Lecture 6

Project Cash Flows

1. Relevant cash flows

• Sunk costs

• Opportunity Costs

• Externalities

2. Example

3. Replacement problem

4. Replacement example

5. Projects with different lives

 

Relevant cash flows

We saw that capital budgeting involves discounting the relevant cash flows at the relevant cost of capital. Here we:

• examine relevant cash flows

• work a couple of examples

The relevant cash flows for a project are the incremental cash flows associated with the project. Incremental cash flows represent the difference between the cash flows with the project and the cash flows without the project. Rather than literally compute the cash flows to the firm without the project and the cash flows to the firm with the project, you can usually identify the specific incremental cash flows related to the project.
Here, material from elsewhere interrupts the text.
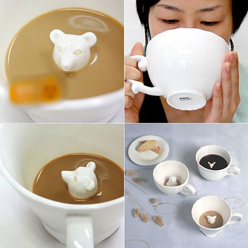 藏着动物的咖啡杯(Hidden Animal Teacups),比常见的马克杯要大很多,捧在手中很有份量。共有3款,每款杯子的底部都藏着一只可爱的小动物,有熊、狐狸和猫头鹰。随着咖啡慢慢被喝完,小动物会探出脑袋,直到露出全身,简直可爱极了。这样,就算一个人喝咖啡也不会寂寞了,你看,熊熊在向你说Hello呢~

One way to estimate cash flows is to prepare pro-forma financial statements for the project, and then to calculate cash flows from the project (assets). Oftentimes it is easier to identify the specific cash flows rather than to forecast full financial statements.

Some General Rules:

1. Focus on cash flows; not on accounting numbers

The primary difference between cash flow and accounting numbers involves fixed assets. This difference is summarized below:

Depreciation

• not a cash flow

• affects cash flows through effect on taxes

• in practice, use MACRS rates

Cost

• capitalized & depreciated for accounting purposes

• cash outflow at time of purchase for capital budgeting purposes

• typically treated as cash outflow at time 0

 

Other Accounting items: Be careful not to mix the accounting perspective, which is backward, with the finance perspective, which is forward. In particular, be suspicious of any item called a 'charge' or an 'allocation.' These items will likely reflect sunk costs, which are described below.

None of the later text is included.